The Case for RWE in Neurodegenerative Diseases

This article was inspired by content discussed in our webinar, Cutting Edge Conversations: Fighting Neurodegenerative Diseases.

Imagine treating a Parkinson’s Disease (PD) patient long before the event that puts them in the hospital. Or identifying an Alzheimer's Disease (AD) patient using caregiver feedback on behavioral symptoms, often forgotten and unreported by those who suffer from dementia. Real-world evidence (RWE) can make the hypothetical a reality.

RWE offers insights generated from real-world data (RWD) and analytics, which can be used to accelerate medical research and improve patient care. Once considered a bold new approach, RWE is growing recognition and acceptance by decision-makers across the life sciences ecosystem. The interest in RWE comes now not only from regulators like the U.S. Food and Drug Administration (FDA), payers, and health technology assessment (HTA) bodies.  Increasingly, biopharma companies seek to demonstrate their products' effectiveness in the real world, outside a randomized controlled trial (RCT) setting.
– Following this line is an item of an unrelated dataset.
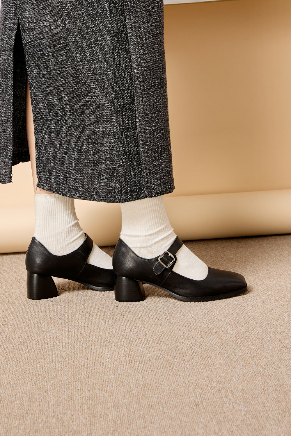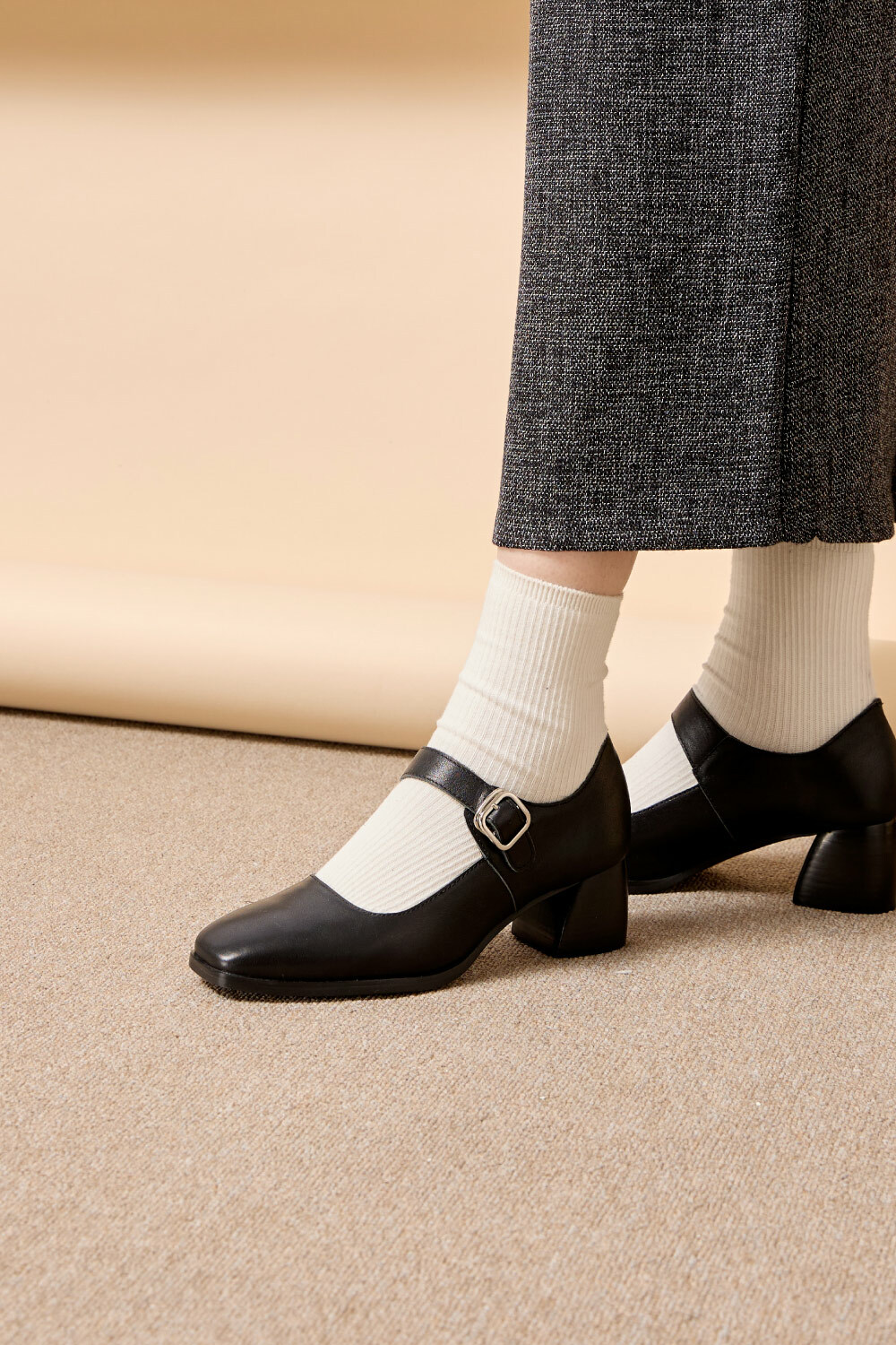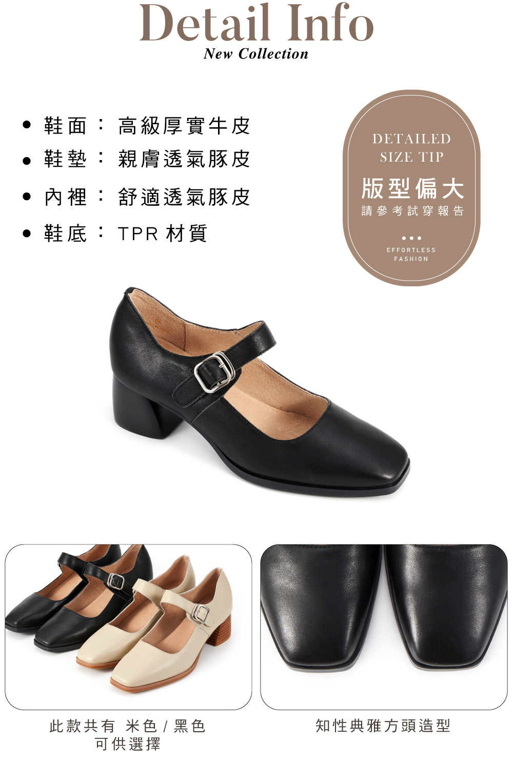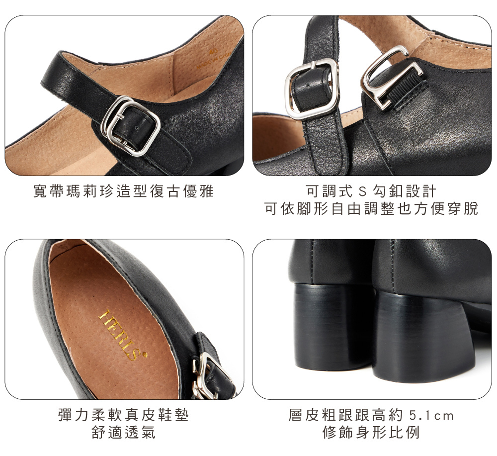 │層皮粗跟跟高約5.1cm,修飾身形比例
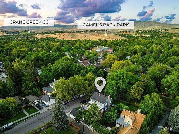 A piece of Boise history on a corner lot on the iconic Harrison Blvd! Colonial Revival architecture, proudly listed on the National Register of Historic Places. Featuring an exquisitely updated interior with original 1939 charm. Inside, stunning refinished hardwood floors span throughout, complemented by new Anderson wood windows. Renovated kitchen features ceiling-height cabinetry, granite countertops, and newer stainless steel appliances. Upstairs, you’ll find six true bedrooms each with walk-in closets, a rare luxury in the North End. Flexible layout with multiple living spaces. Outdoors, the charming grounds include an entertaining deck and a historic sandstone smokehouse turned wood-burning fireplace. Updated improvements such as plumbing, electrical, interior paint, sprinklers/landscaping, siding and roof are featured. Downstairs with separate entrance for ADU potential. Walking distance to Hyde Park, Camel's Back & Downtown Boise shops/restaurants.

Currently, most life science (LS) companies rely on repositories of routinely collected RWD from claims and electronic medical records (EMR) to identify patients and the providers who treat them.

The information generated from claims data typically captures many patients but may be limited to short time frames and a shallow, incomplete view of patient care in the real world.
Structured EMR datasets have begun to provide some clinical value but lack information on patient characteristics and treatment decisions derived from provider-patient conversations (which can often only be found within the narrative text).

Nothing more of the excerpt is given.